The nature of life is one of the most fascinating but challenging issues in science. In fact, it’s been that way since the start of recorded human history, before we even thought of ‘science’ as a distinct pursuit among human intellectual pursuits. (Which it arguably isn’t or shouldn’t be. Except that our past four centuries having been dominated by a specific dissociation of science from natural philosophy, boxing it into the enterprises of nation-states and industrialization. Phew, there, I said it.)
Today we still don’t have a complete, agreed upon, picture of how life is initiated; how living systems might originate in an environment. Nor do we have a complete picture of how life and a planetary environment become as intimately entwined as they are on the Earth. Perhaps the most honest - and hugely unsatisfying - answer to both puzzles at the moment is that these things clearly do happen, and must happen for Earth to be the way it is.
Nonetheless, we can say with some certainty that life is when a system successfully propagates versions of itself into the future, by whatever means work in the face of a complex and variable environment (that itself might include other living systems). And when we say ‘work’ we mean ‘work well enough’. There is a bit of a misconception that can infect our thinking, one that says that organisms can be ‘perfect’ in the sense of adaptation to their environments. You’ll have heard phrases like this in breathless nature documentaries or rushed science reporting – where it is hinted that a species is a miraculous piece of finely-tuned engineering or intuitive genius. Such-and-such a characteristic is perfectly tuned or balanced, or the animal knows when and where to do something because this will ensure the survival of its species.

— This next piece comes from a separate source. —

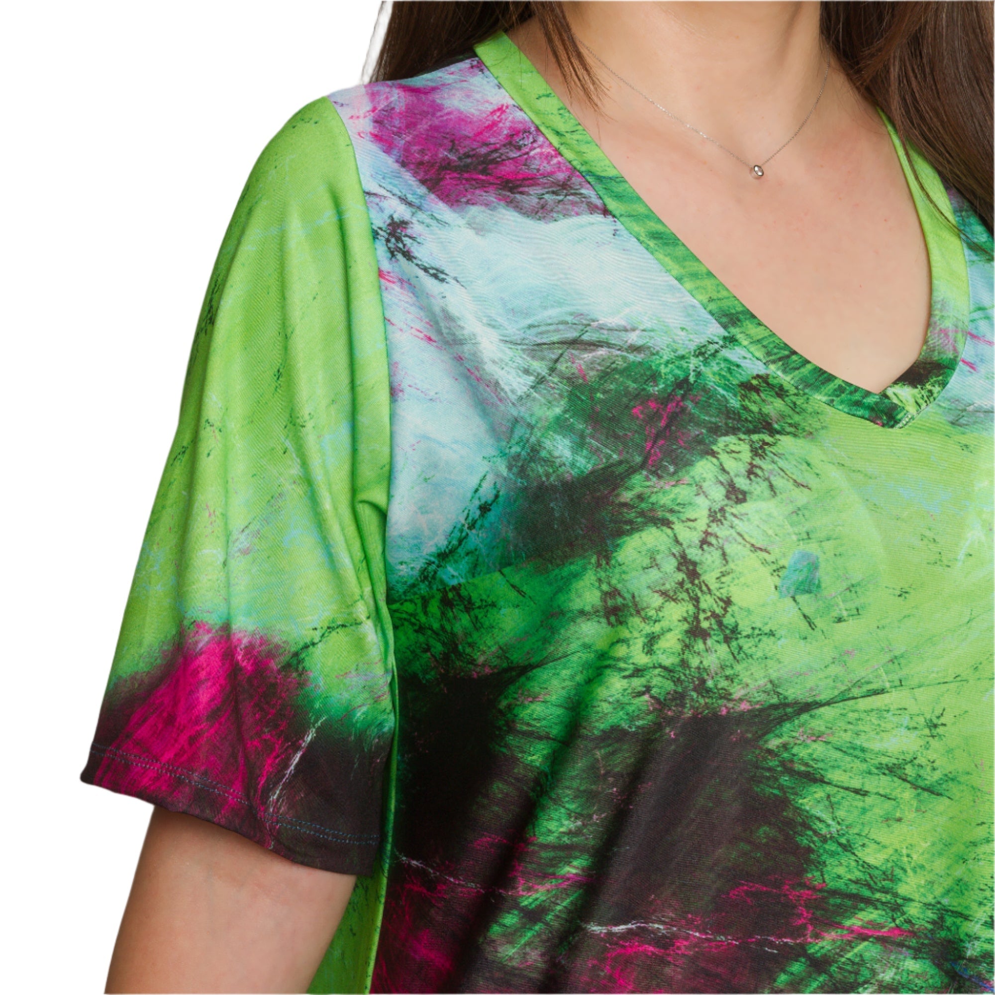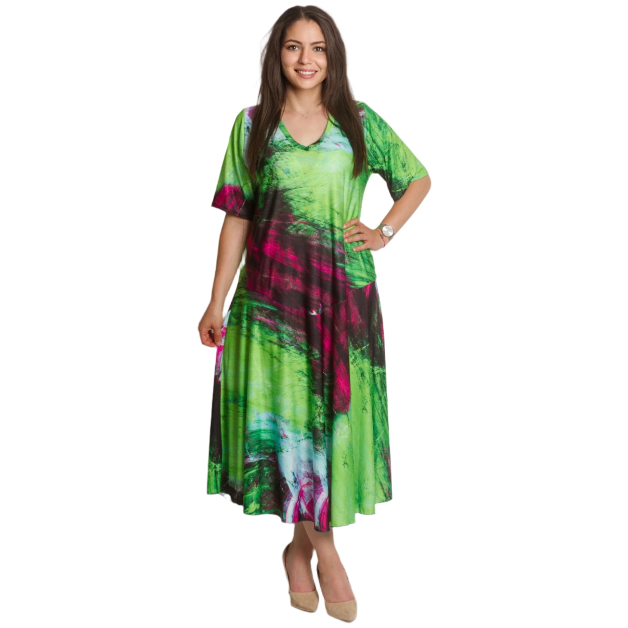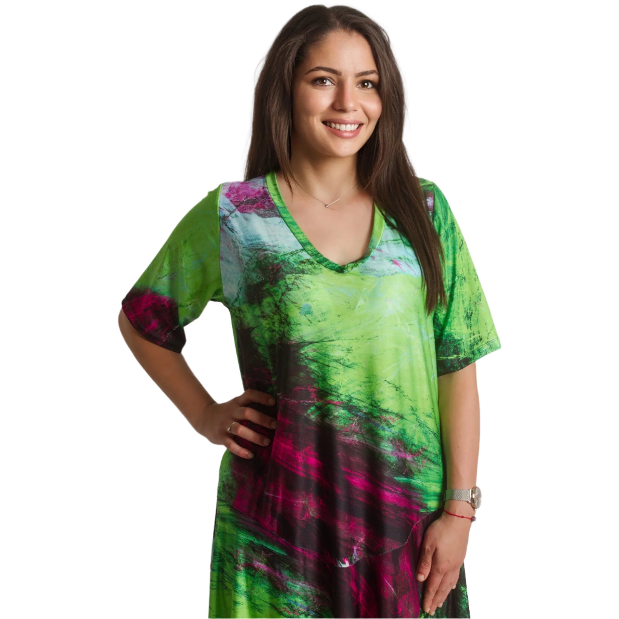 Radiază încredere cu această rochie de vară proaspătă, în mărimi mari, cu un imprimeu abstract verde atrăgător. Confecționată din material respirabil, cu un conținut ridicat de bumbac, oferă confort pe tot parcursul zilei. Croiul lejer și silueta lejeră creează lejeritate și libertate de mișcare, iar decolteul în V adaugă un accent elegant. Este potrivită pentru ocazii formale sau evenimente artistice în sezonul primăvară-vară.

No, not really. Behind the curtains of Darwinian selection is the simple fact that what we see of organisms merely reflects properties that combine to enable those organisms to propagate themselves (meaning their genetic material) into the future with a finite probability. If these properties were not the way they are the propagation might or might not fail. There can be, and often is, enormous attrition within generations or across generations. This is, literally, a numbers game.
Which brings us to what I think are some of the most critical unanswered questions in our efforts to characterize places in the cosmos where life might be.
While we often talk about the ‘habitability’ of environments, like rocky exoplanets, that term is woefully inadequate. It is a crude conflation of ideas, that while convenient in a very broad way, may be hindering our ability to really tackle the more fundamental questions.
For instance, when we evaluate whether a particular world might harbor life we should really be looking at a layering of probabilistic phenomena. First might be the root frequency (the rate) at which ‘origin events’ (abiogenesis) would be expected on a planet as a function of time. Second might be the frequency, or probability with which a given origin event continues into the future – again as a function of time or planetary age. In other words, the capacity of a planet to sustain life is potentially a very different issue to that of the capacity to initiate life.
It’s very hard to know whether these two phenomena are going to be correlated. Maybe some places are great at constantly triggering origin events but lousy at maintaining them for eons, or vice versa. These two probabilities could be wildly different.
The circumstances of the Earth tend to bias us to what could be an extreme viewpoint. Life on this planet appears to have an unbroken lineage going back at least 3.5 billion years. It’s tempting to see this as a yardstick for what a habitable planet ‘should do’. But maybe it isn’t. Maybe a good run for life on an average planet is only a few million years, or even less. We simply don’t know.
I’m not sure there’s a reason to imagine that the history of life plays out in any very consistent way across the cosmos. Even if the underlying molecular mechanisms are indeed universal and the energetic requirements from a planet (geochemical and climatological) are what we suspect. Evolution does not care. If something works well enough, it will be there in the future. If something doesn’t work well enough it will be filtered out. Life is not engaged in a ‘struggle’. That’s a convenient and misleading anthropomorphism. If things don’t work well enough life simply goes away.
What does this mean for our efforts to find other biologically active planets in the universe? In some ways it doesn’t impact those searches, or indeed the ways in which we attempt to gauge the suitability of other worlds for harboring life. We are stuck using our template of the Earth and what we think happens to planetary conditions in varying circumstances – based on very limited data from our history and from the solar system. Until we get much more detailed information about rocky exoplanets most bets are off, and we need these crude templates to make tough choices about which worlds to study.
But our ignorance about the nature of life is going to become a critical issue when we do eventually learn more about these other worlds. We may not know their ages well (stellar and system ages can be horribly poorly constrained), and we will still not know what the root probabilities are for life’s origins and life’s persistence. Nor will we know how many worlds have had or will have life sprawling across them – if we’re lucky we will simply see the worlds that are at present ‘good enough’.